Top of Given data
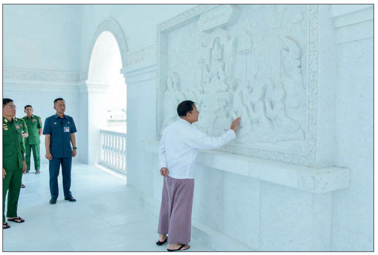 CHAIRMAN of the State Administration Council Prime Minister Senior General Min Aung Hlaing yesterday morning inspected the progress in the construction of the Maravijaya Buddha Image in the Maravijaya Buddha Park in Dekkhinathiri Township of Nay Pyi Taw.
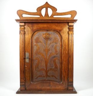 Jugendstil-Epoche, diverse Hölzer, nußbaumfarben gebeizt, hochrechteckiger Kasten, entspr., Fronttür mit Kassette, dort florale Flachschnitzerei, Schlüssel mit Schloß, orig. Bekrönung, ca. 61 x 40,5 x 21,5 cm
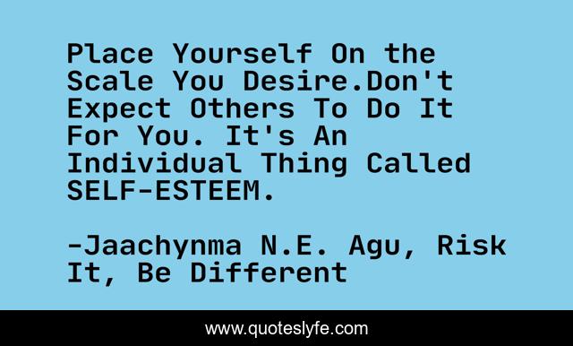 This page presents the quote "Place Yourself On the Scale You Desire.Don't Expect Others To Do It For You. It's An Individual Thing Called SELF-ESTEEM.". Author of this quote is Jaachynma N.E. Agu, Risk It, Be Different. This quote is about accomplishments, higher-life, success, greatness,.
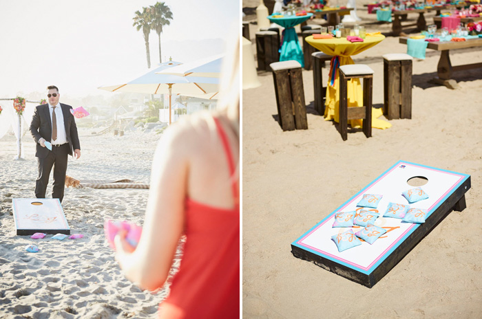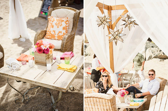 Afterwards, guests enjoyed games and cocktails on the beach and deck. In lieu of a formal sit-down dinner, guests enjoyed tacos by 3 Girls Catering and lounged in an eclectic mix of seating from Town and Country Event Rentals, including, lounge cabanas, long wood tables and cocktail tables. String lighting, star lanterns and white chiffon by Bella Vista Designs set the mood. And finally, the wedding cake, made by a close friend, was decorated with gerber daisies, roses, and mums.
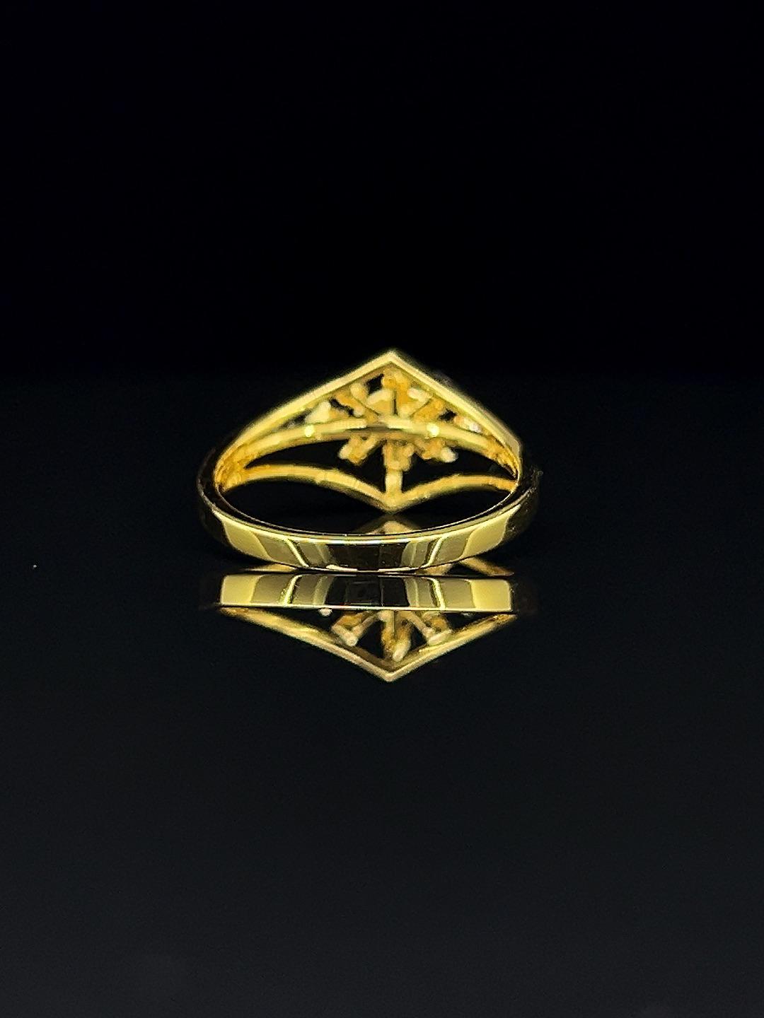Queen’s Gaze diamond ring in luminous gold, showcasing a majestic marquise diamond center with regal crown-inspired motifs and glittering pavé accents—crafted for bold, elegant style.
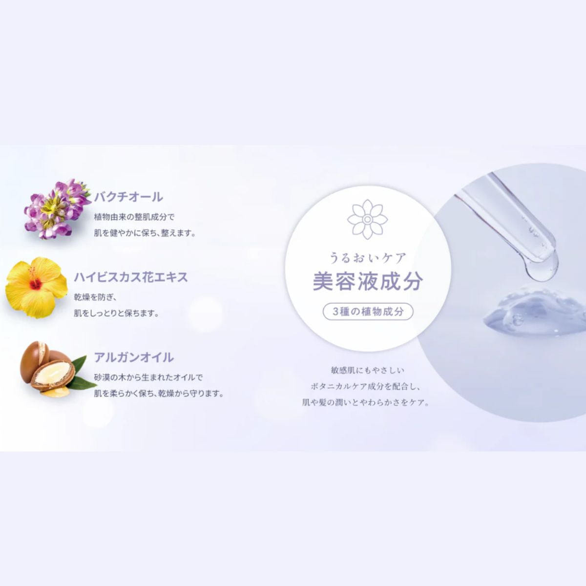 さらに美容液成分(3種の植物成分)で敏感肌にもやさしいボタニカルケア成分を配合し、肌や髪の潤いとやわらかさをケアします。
Bottom of Given data
→ **Work instruction**: Begin with the line holding "Queen’s Gaze diamond" and end with the last line of the listing. Reproduce each of those lines exactly, and leave every picture out.

→ **Task result**:
Queen’s Gaze diamond ring in luminous gold, showcasing a majestic marquise diamond center with regal crown-inspired motifs and glittering pavé accents—crafted for bold, elegant style.
 さらに美容液成分(3種の植物成分)で敏感肌にもやさしいボタニカルケア成分を配合し、肌や髪の潤いとやわらかさをケアします。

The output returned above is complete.